The authors have done a good job addressing the referees' remarks from the first round. However, the formal description of the CHRC model in Sec. 2.1 remains a problem, despite the authors' efforts to improve it. Indeed, Eq. (3) appears to be a product of elementary two-body gates U_i,i+r,t. Here, t is the elementary time-step (the vertical size of the smallest rectangular element in the left panel of Fig. 1b). On the other hand, the first sentence of Sec. 2.1 says: "The unitary evolution is a sequence of M-body cluster unitary gates Ui,j,t, each of which is build stacking two body unitary gates". This implies that Ui,j,t is a composite (cluster) gate comprising three two-body elementary gates in Fig. 1b, so that time step t is the vertical size of such a cluster, which is 3 elementary layers in the figure. If I use this definition of the quantity Ui,j,t in Eq. (3), I would get a nonsensical result. Let us, therefore, assume that Ui,j,t is a two-body gate. Figure 1b suggests that, with this definition, at each time t there is only one two-body gate. On the contrary, Eq. (3) tells us that at each time t we should multiply many two-body gates. In particular, for L=6 (with periodic boundary conditions) and M=4, as in Fig. 1b, one gets the following product, if one literally follows the prescription of Eq. (3): U_1,2,t*U_1,3,t*U_1,4,t*U_2,3,t*U_2,4,t*U_2,5,t*... This is not what I see in Fig. 1b, where, for example, for the bottom layer (t=1) I see only U_1,2,1, while all other two-body gates in this product are clearly trivial, i.e., U=1. Note that in the product of two-body operators, as written in Eq. (3), again, the ordering of operators is not specified explicitly, in contrast to what is written in the footnote. In order to have a formal correspondence between Eq. (3) and Fig. 1b, the authors should (i) modify the first sentence of Sec. 2.1; (ii) write explicitly that, for a given value of t, only a single factor in the product in Eq. (3) is not equal to unity in the example of Fig. 1b (this would automatically resolve the problem of the operators' ordering); (iii) to give an explicit expression (perhaps, in terms of a Kronecker delta-symbol involving i, r, and t) specifying the indexes of the non-trivial two-body gate in the product (3) for the shoulder-like arrangement of Fig. 1b.

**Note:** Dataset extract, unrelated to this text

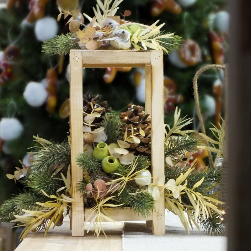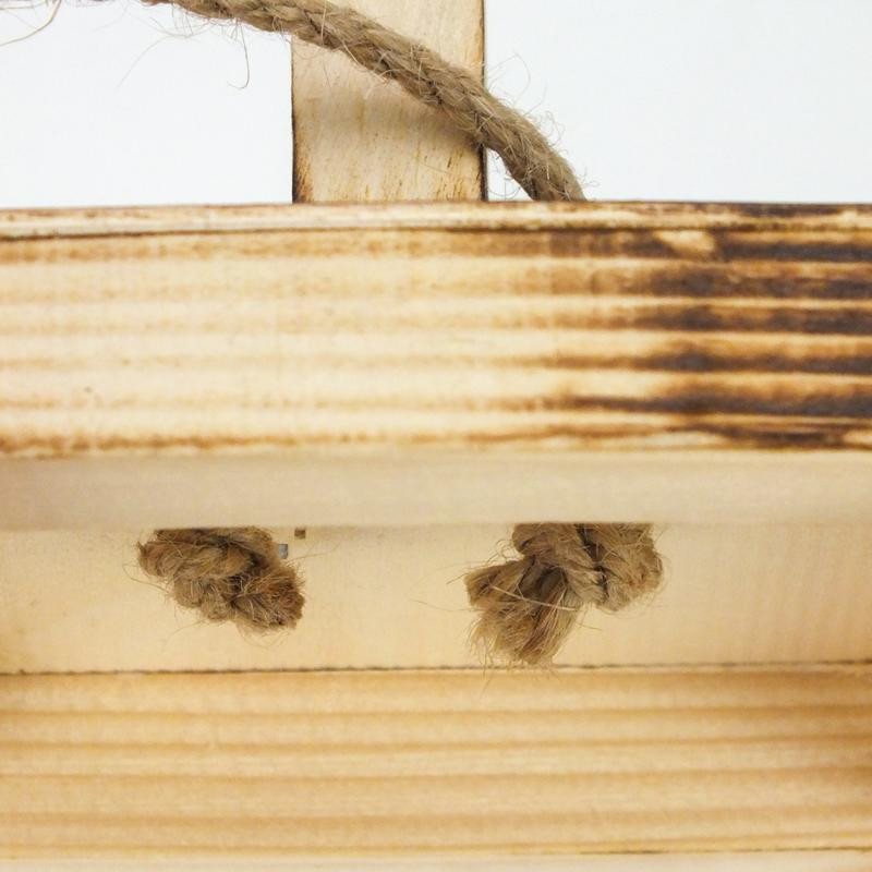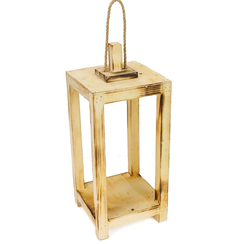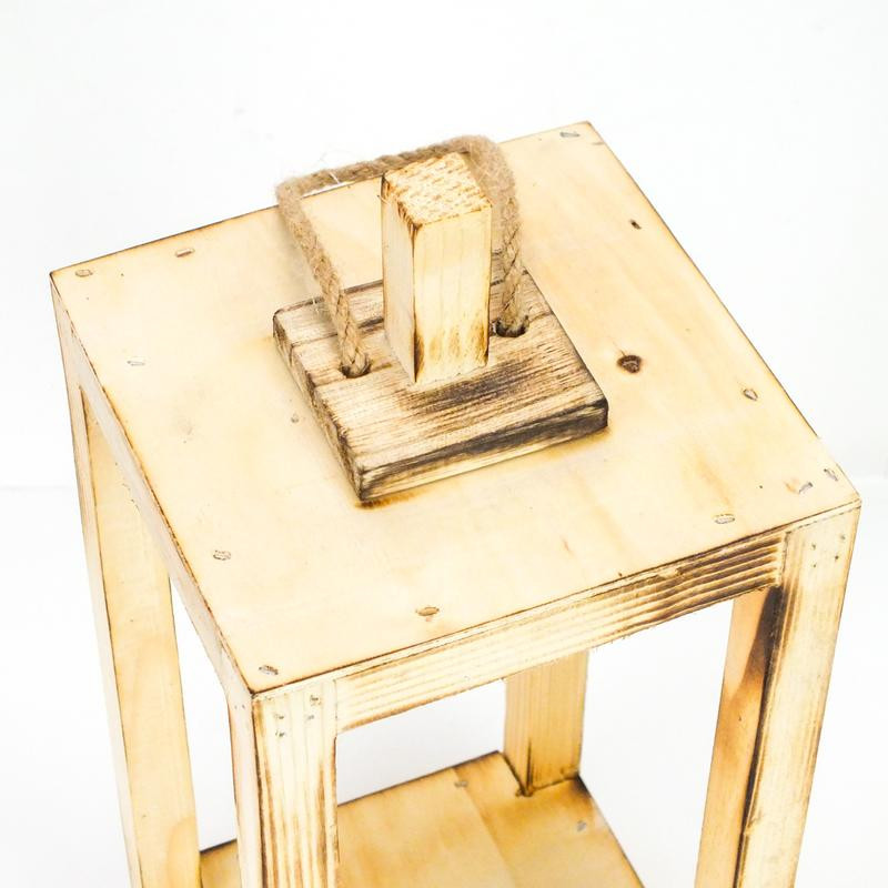 Égetett szélű, fa lanterna. A belsejében kialakított hellyel, az egyedi dekorációk és készítmények részére. Zárt tetejű, spárgával ellátott akasztóval. Kiváló választás fotózásokhoz, esküvőkre, természetbarátok számára díszítőelem, illetve kültéri eseményekre.

Improve the mathematical definition of the CHRC model

The authors have considered the suggestions from my previous report and revised the manuscript accordingly. While I agree that an analytical understanding of the presented results is probably not straightforwardly obtained, I also think it is a chance missed by the authors to significantly improve their work and the impact it will have in the future.
However, there are plenty of new and interesting results on the topic of measurement-induced phase transitions presented in the manuscript. It is well written and very accessible and I believe it is a good paper that should be published in SciPost Physics Core.